Penelitian sebelumnya memaparkan status putrika setelah perceraian dan penyebab terjadinya perceraian pada pasangan Nyentana. Status
perempuan putrika yang telah bercerai bersifat tetap karena telah disahkan oleh adat dan keluarga. Status putrika akan hilang apabila: 1 perempuan
putrika kawin lagi tanpa melakukan sistem Nyentana; 2 anak laki-lakinya telah menikah; dan 3 status putrika dicabut oleh keluarga dan mendapat
persetujuan dari adat karena alasan tertentu. Penyebab perceraian pada pasangan Nyentana yaitu, 1 adanya
diskriminasi laki-laki oleh masyarakat Desa Adat Bonyoh karena ideologi patrilineal yang dianut. Selain itu, adanya 2 arogansi perempuan putrika, 3
pihak laki-laki yang merasa kehilangan identitasnya karena tidak sesuai dengan konsep laki-laki pada umumnya, 4 perusakan hubungan oleh pihak
ahli waris lainnya, dan 5 kondisi lingkungan yang tidak mendukung. Selain itu, hasil penelitian menujukkan bahwa perkawinan Nyentana yang dilakukan
dengan pasangan yang masih ada hubungan keluarga akan lebih langgeng daripada perkawinan yang dilakukan dengan laki-laki yang tidak ada
hubungan keluarga.
6
Harian Umum Nusa edisi 04 Pebruari 2007 dalam Suastika, 2010 dan wawancara yang dilakukan peneliti pada seorang Hindu di Bali 2012
menjelaskan bahwa Perkawinan Nyentana pada masyarakat patrilineal jika tidak dilakukan dengan orang yang masih memiliki hubungan darah akan
rawan konflik dan perceraian. Keluarga yang hanya memiliki anak perempuan akan merasa lebih tenang apabila Sentana Nyeburin yang mereka
dapatkan masih memiliki hubungan darah. Keluarga putrika akan merasa terlindungi karena yang menjadi Sentana merupakan keluarga sendiri. Dalam
hal ini, keluarga putrika berharap pasangan Nyentana tidak akan bercerai karena keluarga besar mereka adalah sama. Dengan demikian, warisan
keluarga tidak jatuh ke tangan orang lain. Sesuai dengan tujuan utamanya, penelitian yang dilakukan di Desa
Adat Bonyoh berusaha lebih berfokus untuk mengungkapkan perkawinan Nyentana secara konseptual peranan perempuan Putrika daripada
mengungkapkan sisi psikologisnya. Hasil penelitian tersebut cukup detail dalam membahas sisi psikologis laki-laki yang Nyentana dari sudut pandang
orang pertama.
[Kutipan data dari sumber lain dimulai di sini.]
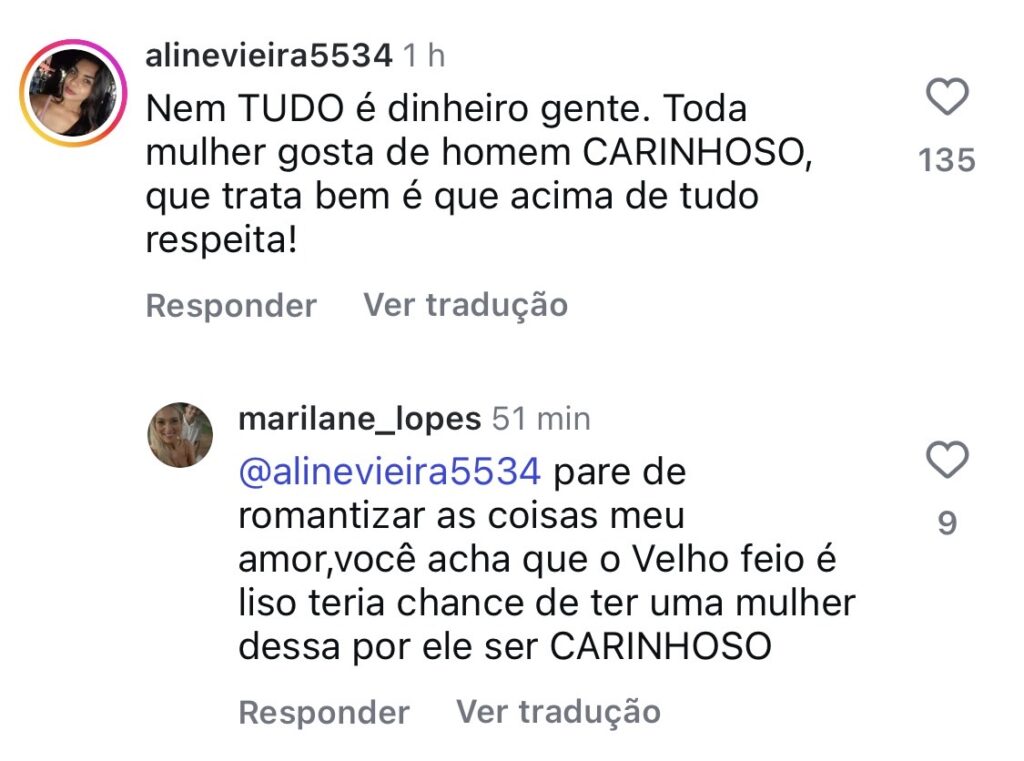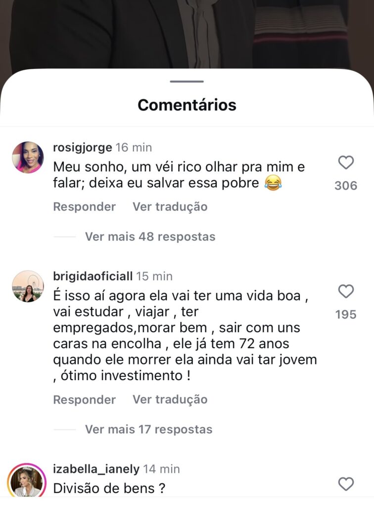A noiva, 51 anos mais jovem, não deixou de registrar nenhum momento do dia especial. Através dos stories do Instagram, a Miss Universe Mato Grosso 2024 mostrou desde a maquiagem e cabelo até o momento da oficialização da união. Mas parece que essa união deixou alguns internautas intrigados. Tudo por causa da grande diferença de idade entre os dois. Os comentários nas redes sociais da miss foram bastante ofensivos e sempre relacionados com o fato que a moça teria se casado com o cantor devido a situação financeira privilegiada de Amado Batista. “Meu sonho, um véio rico olhar pra mim e falar; deixa eu salvar essa pobre.”, disse uma internauta. “Ta certo moça não te julgo, ser CLT tá muito difícil. Tá perdoada”, disse outra. Veja os comentários abaixo:
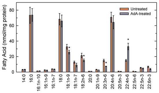Fatty acid composition of murine peritoneal macrophages. The cells were either untreated (orange bars) or treated with exogenous AdA for 20 h (gray bars). Afterward, the total fatty acid profiles in cells were determined by GC/MS after converting the fatty acid glyceryl esters into fatty acid methyl esters. The fatty acids are designated by their number of carbon atoms, and after a colon, their number of double bonds. To differentiate isomers, the n − x (n minus x) nomenclature is used, where n is the number of carbons of a given fatty acid and x is an integer that gives the position of the last double bond of the molecule when subtracted from n. The data are expressed as mean values ± standard error of the mean of three individual replicates. Note: * p < 0.05, significantly different from incubations in the absence of AdA.
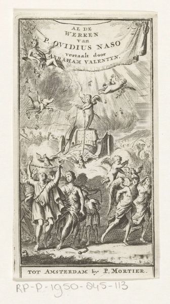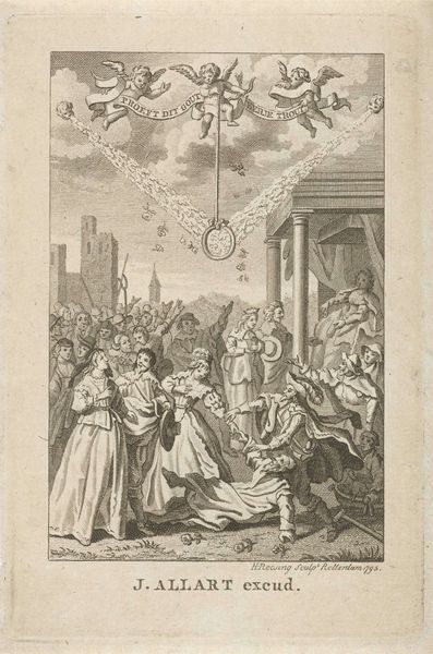 Curator: Here at the Rijksmuseum, we have a rather compelling 17th-century engraving. Made in 1643, this print, titled "Christus geeft zijn bloed aan zijn bruid," presents a detailed figuration of a bridal allegory in the baroque style. Editor: The sheer busyness of this piece is overwhelming. There are so many figures, textures, and patterns all fighting for attention, yet there's also a strange, ethereal beauty in it. Curator: Indeed. Notice how the composition is vertically divided into earthly and heavenly realms. The lower section presents the bride amidst a cohort of figures, all intricately detailed in their dress and posture. Above, Christ appears in a cloud of swirling figures, seemingly offering his blood. This upper zone contrasts with the more grounded perspective below through a more free use of open space, Editor: It’s pretty graphic though, right? A bit on the nose. That sanguine offering hovering over the bride seems more like a threat than a blessing. I am no art expert like you, but I can feel this much for sure, that this engraving may look very different for a person in the 17th century than it looks for me. Curator: It's important to contextualize the work within its time. Baroque art often embraced overt symbolism, and this piece serves as a vivid illustration of Christ’s sacrificial love, envisioned as a gift given to his bride, that is, the Church. Furthermore, the choice of engraving emphasizes clarity. Editor: Well, clear or not, those swirly clouds give me a head rush just looking at them. I can imagine a medieval audience taking great comfort in this image though: a sense of a powerful divine order amid their harsh lives. It's a real attempt to capture an awesome, terrifying sacredness in art. The dress and faces remind me of some fashion photos you may come across when casually scrolling on Instagram! I have got to give that the Anonymous artists really went full blast on the fashion statement side of things! Curator: It is also a testament to technical skill and careful artistry of printmaking to disseminate ideas and images. After analyzing the artwork, there is a clear purpose for the artist, in terms of symbolic intent, with great success, both thematically and in execution. Editor: For me, this piece is a visual tapestry reflecting religious fervor, technical ability, and historical fashion—with maybe a dash of unintended darkness.
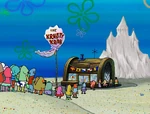 Fred stretches a Krabby Patty with jellyfish jelly right in front of his face during his song.

Namun, pembahasan tentang pengalaman psikologis perempuan putrika yang dikatakan merasa berkuasa didasarkan pada sudut
pandang laki-laki yang Nyentana bukan orang pertama. Hal ini mendorong peneliti untuk mencoba mendalami tentang pengalaman perempuan yang
melakukan perkawinan Nyentana berdasarkan sudut pandang orang pertama. Dengan demikian, penggunaan sudut pandang fenomenologi dirasakan tepat
dengan tujuan penelian ini.
7
Penelitian ini semakin penting untuk dilakukan karena hasil-hasil penelitian sebelumnya yang terkait dengan perkawinan Nyentana lebih
banyak dipandang dari sisi Hukum. Penelitian tentang perkawinan Nyentana diharapkan mampu menambah wawasan tentang perkawinan secara umum.
Selain itu, hasil penelitian ini dapat menambah hasil penelitian perkawinan Nyentana yang saat ini jumlahnya masih terbatas.